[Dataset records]
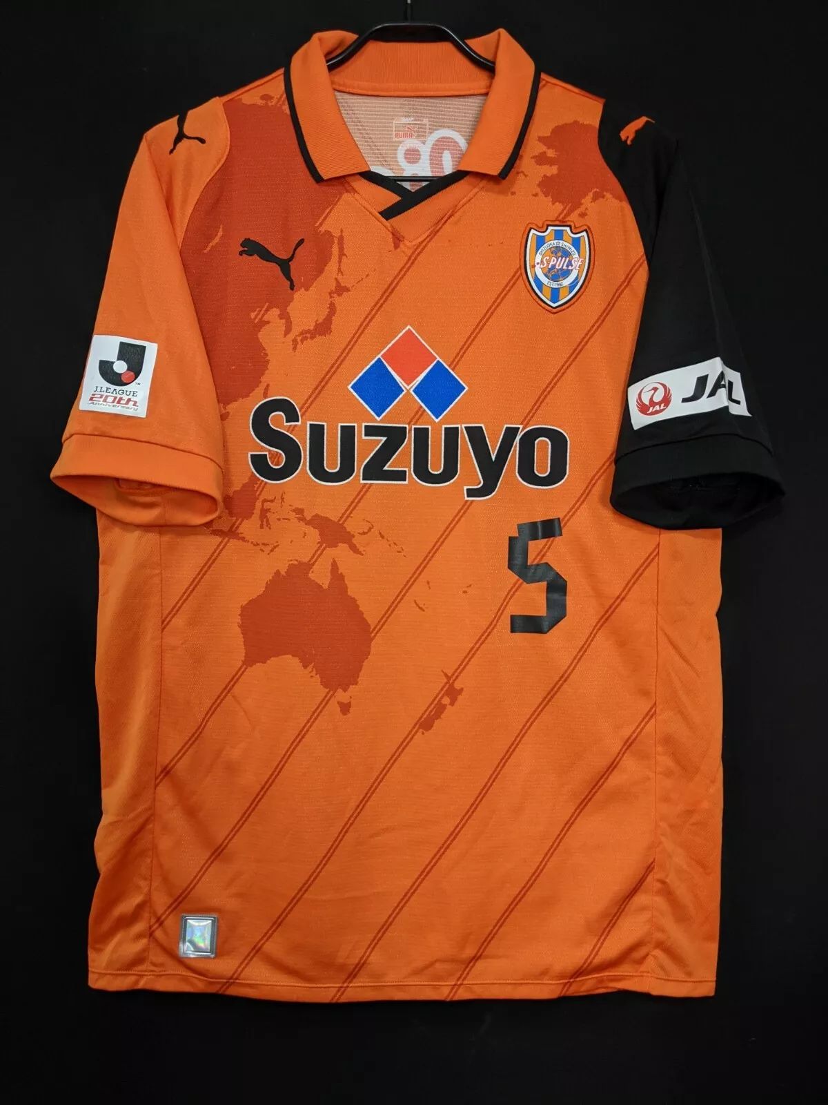 The Puma design features an orange base complemented by black sleeves, with fine diagonal stripes running across the front and back. Printed within the fabric is a detailed world map, symbolising the club’s international connections and influence. The S-Pulse crest appears on the left chest, opposite the black Puma logo, while main sponsor Suzuyo is displayed prominently across the centre.
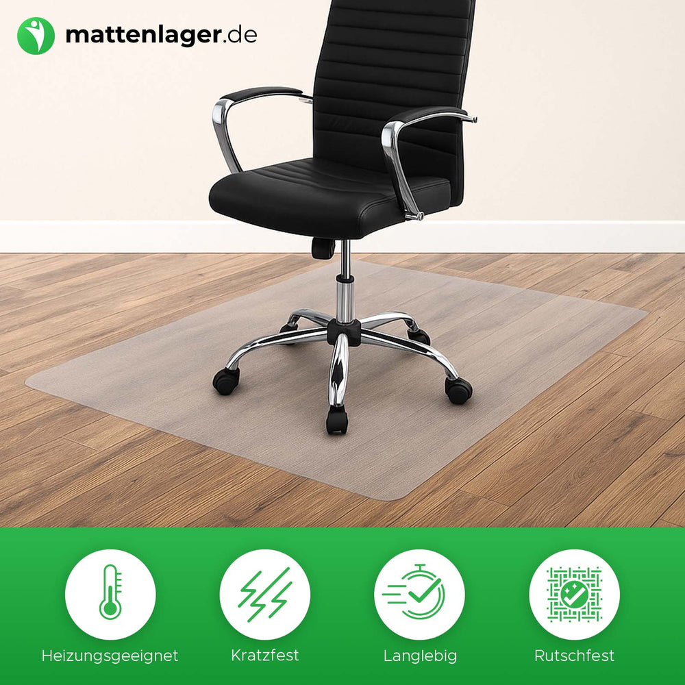 Ce tapis de protection pour chaise de bureau offre une excellente protection à votre sol contre l'usure, les rayures et la saleté. Son adhérence a été particulièrement soignée : après un court temps de pose, il adhère parfaitement aux sols durs comme le parquet, le stratifié, le linoléum ou le carrelage grâce à sa structure antidérapante spéciale et est même compatible avec le chauffage au sol.
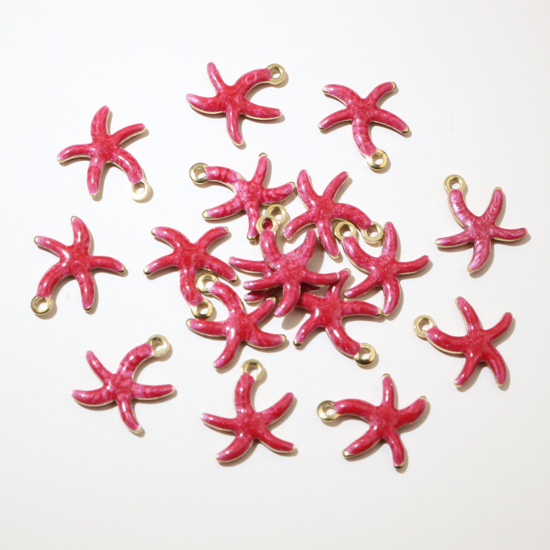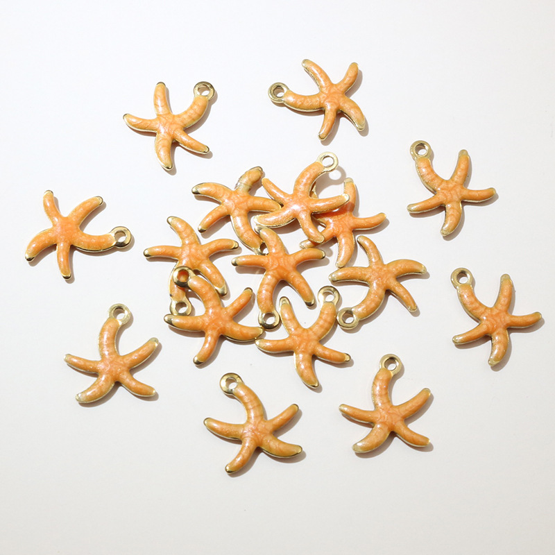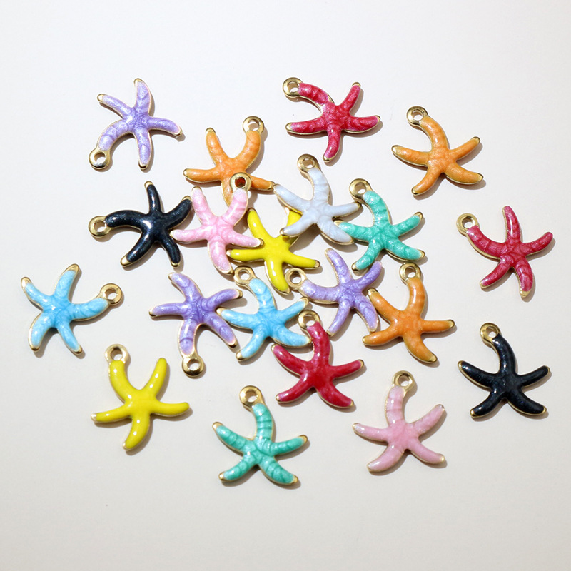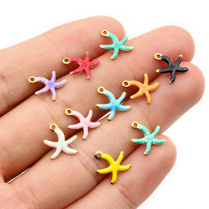 Rustfrit stål Animal Pendler, 304 rustfrit stål, Starfish, guldfarve belagt, du kan DIY & emalje, flere farver til valg, 10x10mm, Solgt af PC
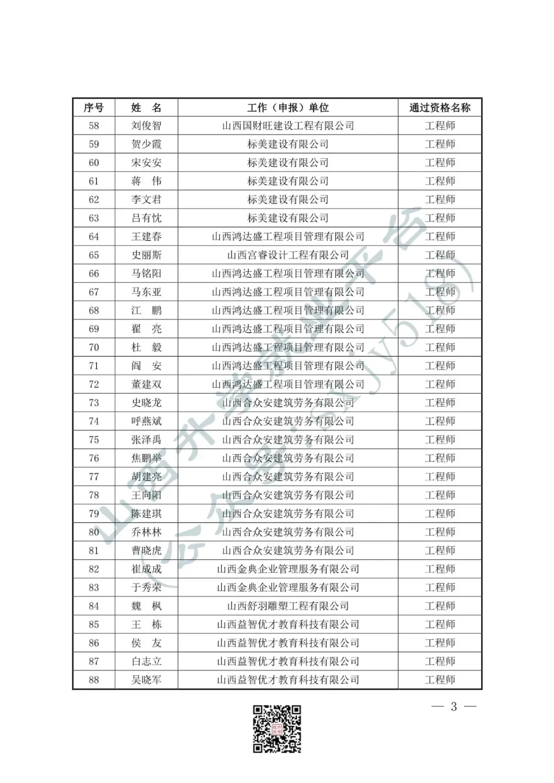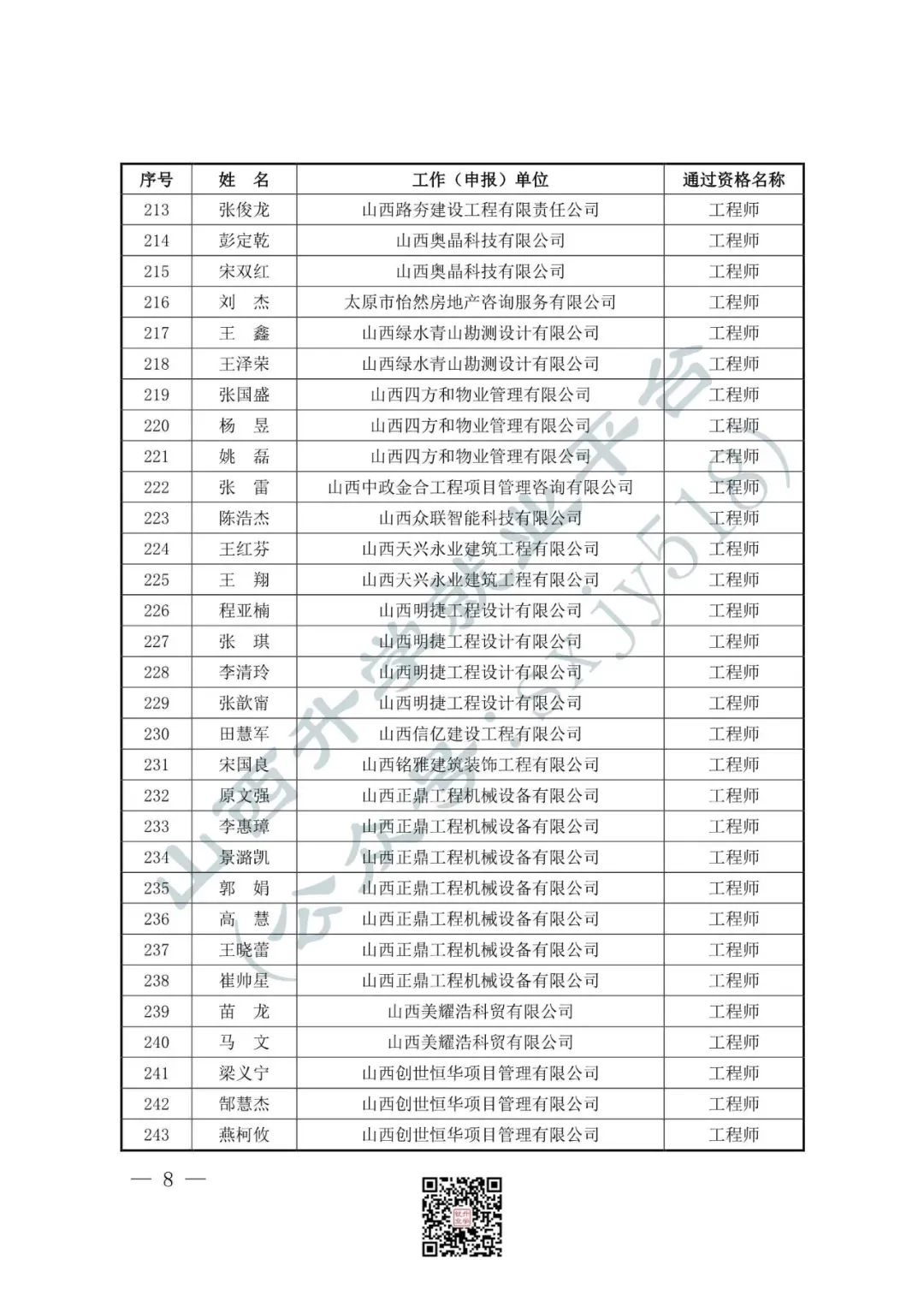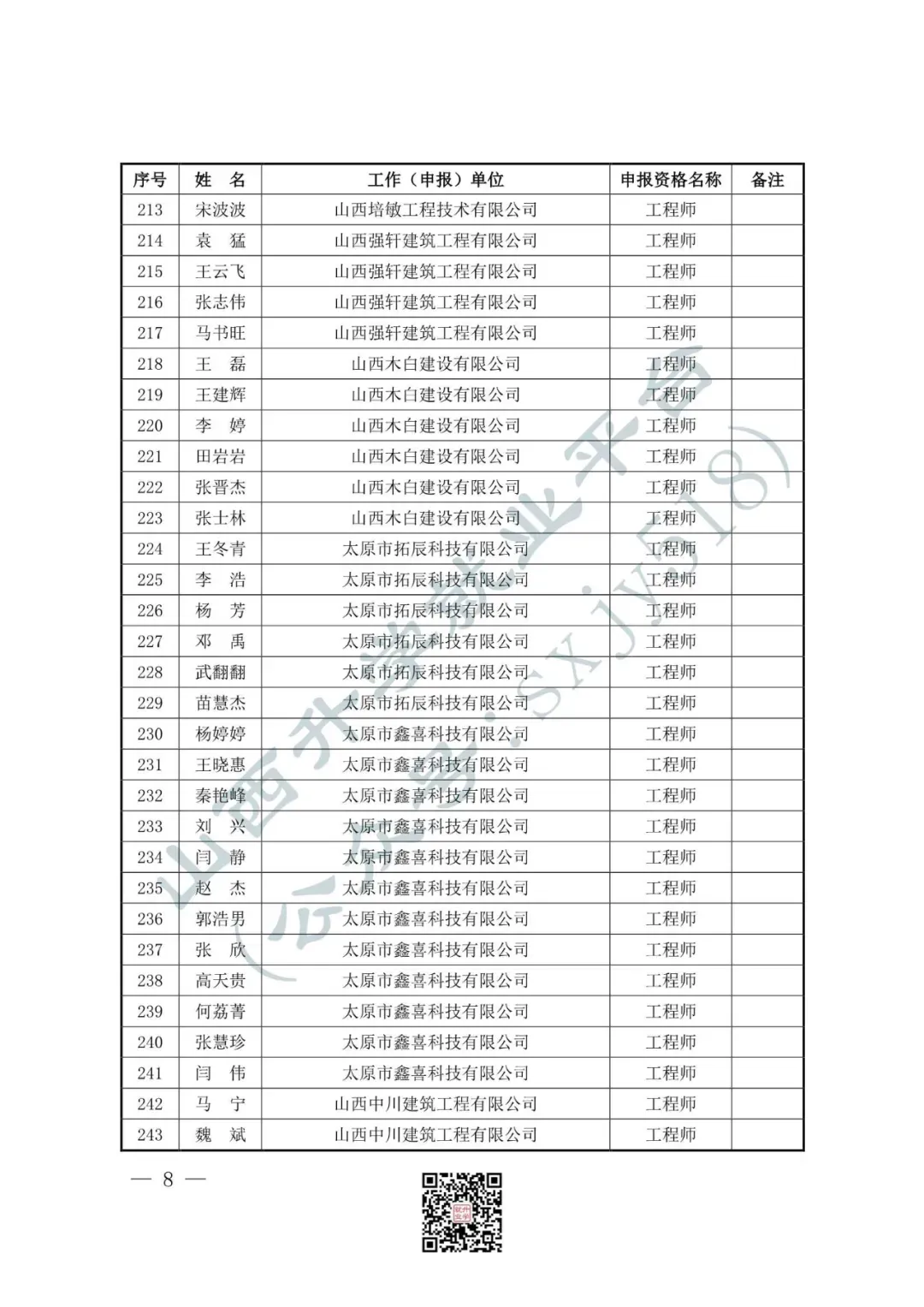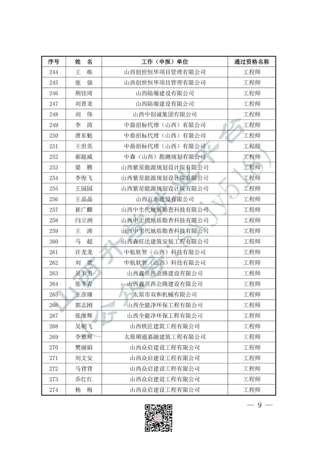 经审核,同意太原市自由职业者工程系列(人事代理)中级职称评审委员会于2026年2月11日评审通过的刘珍等904人工程师职称评审结果,现予以公布。
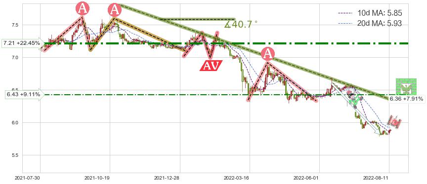 ♘ 阻力价格位7.21,可信任强度84.54%,距离最后交易2022-08-12形成的收盘价格5.89相差 +22.45%
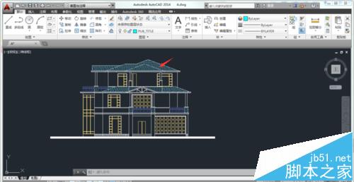 14、對于CAD圖紙中其他戶型的平面與立面用以上的方法一個個寫塊出來,對于立面圖來說,有部分是填充涂料,我們同樣可以刪除掉或者凍結隱藏圖層。如下圖立面房頂瓦的部分就是顏色填充,我們可以將其隱藏凍結或者直接按delete鍵刪除,其他步驟與平面圖均相同。
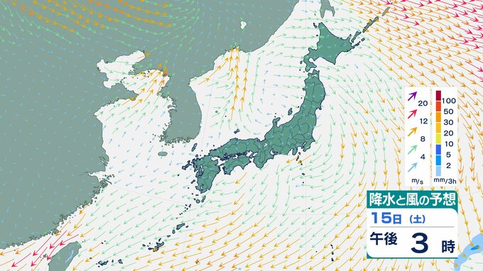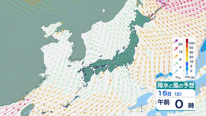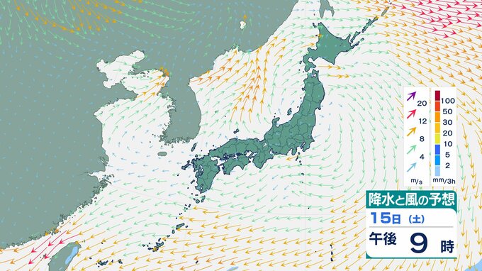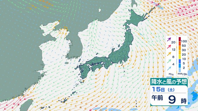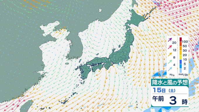 ニュースクリップ 【台風情報】台風26号(フォンウォン)このあと“急カーブ” 進路を東へ 13日朝に与那国島北北東へ接近 再び勢力強まる予想 時速35kmに加速し14日には温帯低気圧へ【雨と風のシミュレーション】 2025年11月12日(水) 11:10 国内 天気 15日(土)雨と風のシミュレーション画像
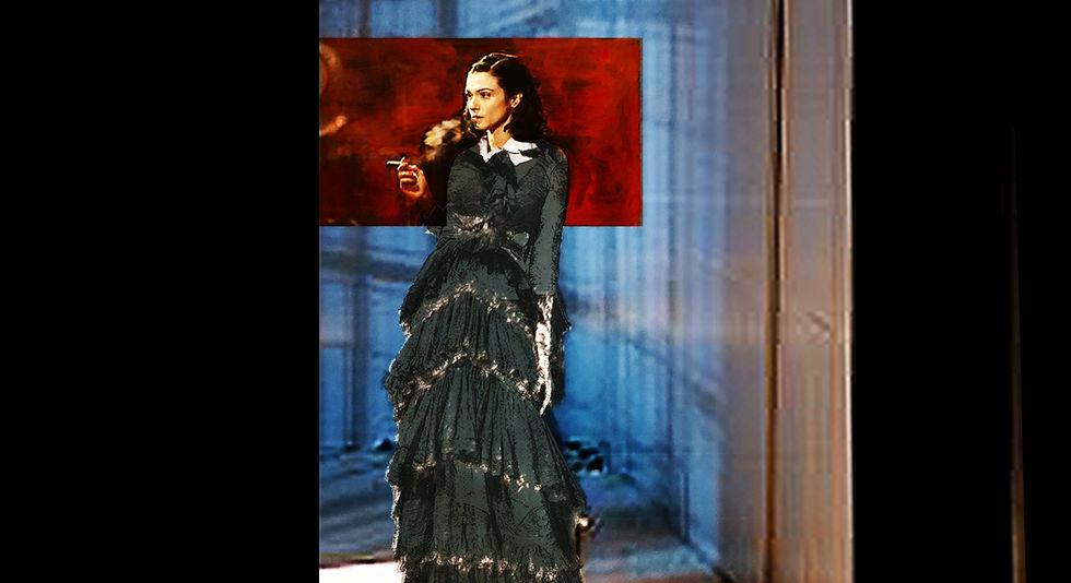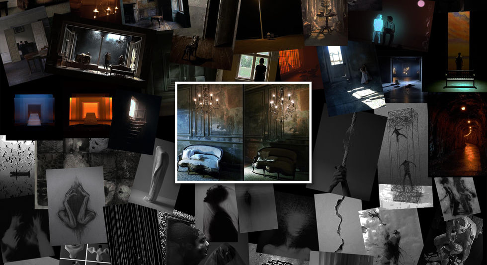 This scenographic proposal captures a space where the dominant elements are the sense of abandonment, worn wood, anxiety and anticipation. In her quest to conquer the space and the people around her, the protagonist places luxury objects such as the chandelier and wallpaper on the walls in the frayed and aged living room.
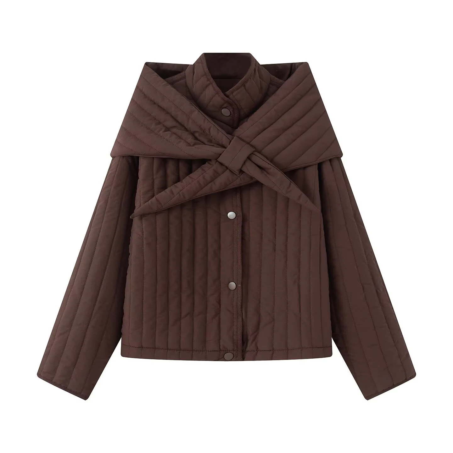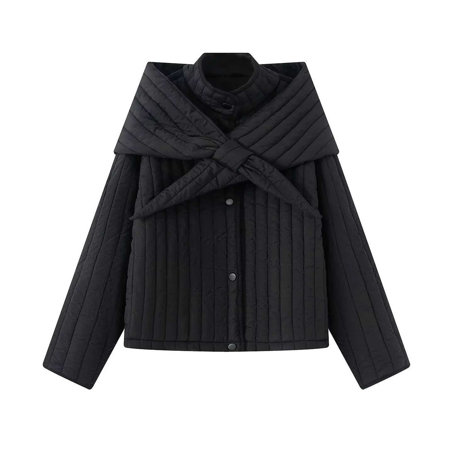 Winter New Product Women's Long Sleeve Stand up Collar Detachable Scarf Cotton Jacket Coat

What is being asked: Give all entries again verbatim, without any images.

Exercise result:
 The Puma design features an orange base complemented by black sleeves, with fine diagonal stripes running across the front and back. Printed within the fabric is a detailed world map, symbolising the club’s international connections and influence. The S-Pulse crest appears on the left chest, opposite the black Puma logo, while main sponsor Suzuyo is displayed prominently across the centre.
 Ce tapis de protection pour chaise de bureau offre une excellente protection à votre sol contre l'usure, les rayures et la saleté. Son adhérence a été particulièrement soignée : après un court temps de pose, il adhère parfaitement aux sols durs comme le parquet, le stratifié, le linoléum ou le carrelage grâce à sa structure antidérapante spéciale et est même compatible avec le chauffage au sol.
 Rustfrit stål Animal Pendler, 304 rustfrit stål, Starfish, guldfarve belagt, du kan DIY & emalje, flere farver til valg, 10x10mm, Solgt af PC
 经审核,同意太原市自由职业者工程系列(人事代理)中级职称评审委员会于2026年2月11日评审通过的刘珍等904人工程师职称评审结果,现予以公布。
 ♘ 阻力价格位7.21,可信任强度84.54%,距离最后交易2022-08-12形成的收盘价格5.89相差 +22.45%
 14、對于CAD圖紙中其他戶型的平面與立面用以上的方法一個個寫塊出來,對于立面圖來說,有部分是填充涂料,我們同樣可以刪除掉或者凍結隱藏圖層。如下圖立面房頂瓦的部分就是顏色填充,我們可以將其隱藏凍結或者直接按delete鍵刪除,其他步驟與平面圖均相同。
 ニュースクリップ 【台風情報】台風26号(フォンウォン)このあと“急カーブ” 進路を東へ 13日朝に与那国島北北東へ接近 再び勢力強まる予想 時速35kmに加速し14日には温帯低気圧へ【雨と風のシミュレーション】 2025年11月12日(水) 11:10 国内 天気 15日(土)雨と風のシミュレーション画像
 This scenographic proposal captures a space where the dominant elements are the sense of abandonment, worn wood, anxiety and anticipation. In her quest to conquer the space and the people around her, the protagonist places luxury objects such as the chandelier and wallpaper on the walls in the frayed and aged living room.
 Winter New Product Women's Long Sleeve Stand up Collar Detachable Scarf Cotton Jacket Coat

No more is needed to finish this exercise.